The Supreme Court will decide whether PM or MPs are sovereign, writes Robert Peston
The opening session of the epic Supreme Court hearing into whether Boris Johnson misled the queen and broke the law when proroguing parliament did not disappoint.
Because Lord Pannick, for one of the plaintiffs Gina Miller, captured with the clinical precision of a brain surgeon quite what is at stake.
Summing up, he asked the law ladies and lords to consider that if they were to conclude there is no case for the PM to answer, a future PM might well feel licensed to suspend parliament for six months or a year, as and when MPs become bothersome, rather than “just” the five weeks Johnson has chosen to shut down parliament?
What is at stake, Pannick implied, is the role and power of the courts to prevent a PM choosing to become an elected dictator.
The difficulty, Pannick conceded, is that because what Johnson did is “unique”, there is no precise legal precedent for the judges to rely on when making their eventual ruling on Friday or Monday. They will have to consider “principle”.
And for Pannick the core principle is that in the British constitution, gloriously unwritten, the senior lawmakers are MPs and Lords, the legislature, with the PM and the executive the junior partner.
His central argument is that the PM trampled on the fundamental rights of parliament to legislate and scrutinise PM and ministers by sending them home for five weeks.
What’s more noxious, he said, was he did this at a time of huge historic importance, when MPs and Lords demonstrably wanted to hold the PM to account in parliament for the method and timing or Brexit.

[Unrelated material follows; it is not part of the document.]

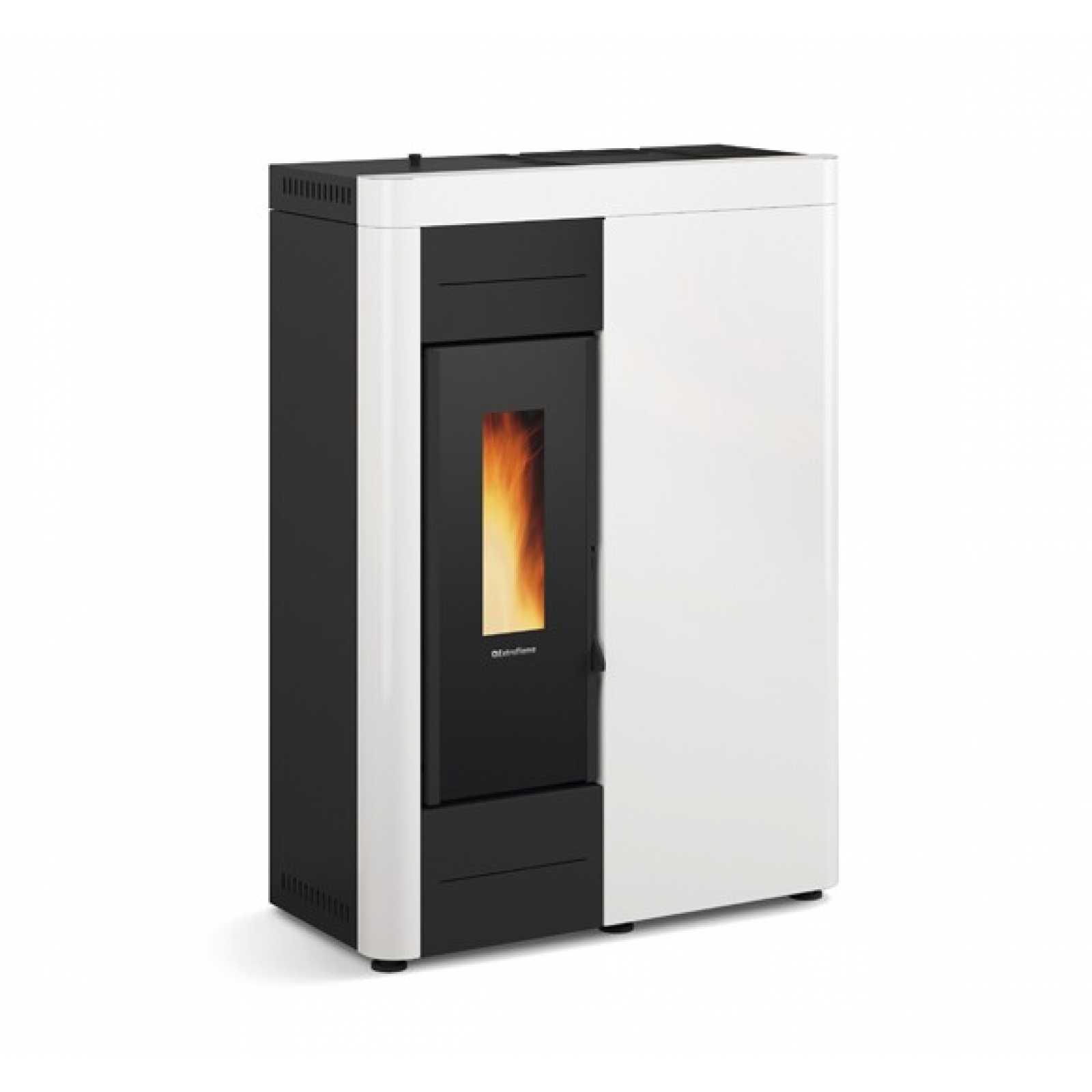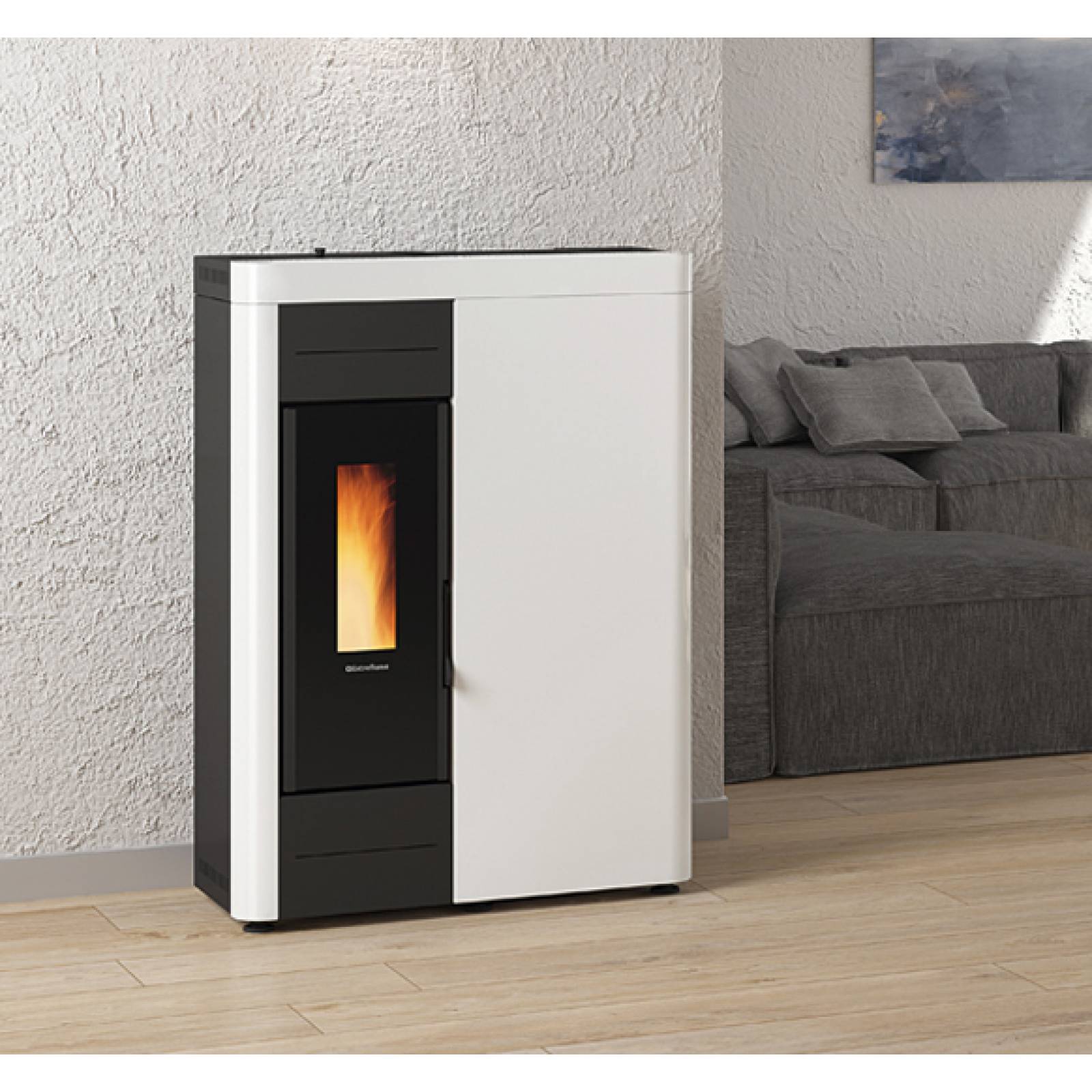 Le poêle à granulés extra plat hydro Raffaella Idro est un concentré de performances. Du haut de ses 110cm, il représente l’équilibre parfait entre économies et puissance. Faible consommateur en granulés, ce poêle économe à un excellent rendement de 93%. Sa capacité de chauffe de 415m3 et sa puissance de 15kW font de lui une solution de chauffage optimale. Côté design, Extraflame a conçu un modèle aussi esthétique qu’astucieux.Ce poêle rectangulaire est moderne et élégant grâce à son encadrement coloré. Le Virna Idro, a pour avantage d’être moderne et épuré afin de trouver place dans tous les types d’intérieurs.

Counsel for Johnson will this afternoon argue that parliament has been suspended for the wholly legitimate purpose of preparing a legislative programme to be announced in a Queen’s Speech when parliament resumes on 14 October.
But Pannick would say “pish posh” or “it don’t matter”. Because he avers that even if Johnson’s motives were honest - and many doubt that - it is the effect of the prorogation that matters. And the toxic effect, he says, is to silence and neuter MPs against their revealed wishes, and against the public interest.
Except for one thing, as pointed out by a law lord.
MPs had the opportunity, through a vote of no confidence, to throw out Johnson, before the prorogation. And they failed to seize that opportunity.
Pannick tried to dismiss MPs’ refusal to sack Johnson as not relevant to the constitutional and legal position. He may be right.
But in the court of public opinion it will matter.
Those MPs who want the Supreme Court to rule that Johnson unfairly shut them up will have to explain why if he is such a tyrant they balked at the opportunity of throwing him out when they had the chance.
Which is a question of especial relevance for the leader of the opposition Jeremy Corbyn, whose refusal to support the trumpeted idea of a temporary government of national unity to replace Johnson killed it stone dead.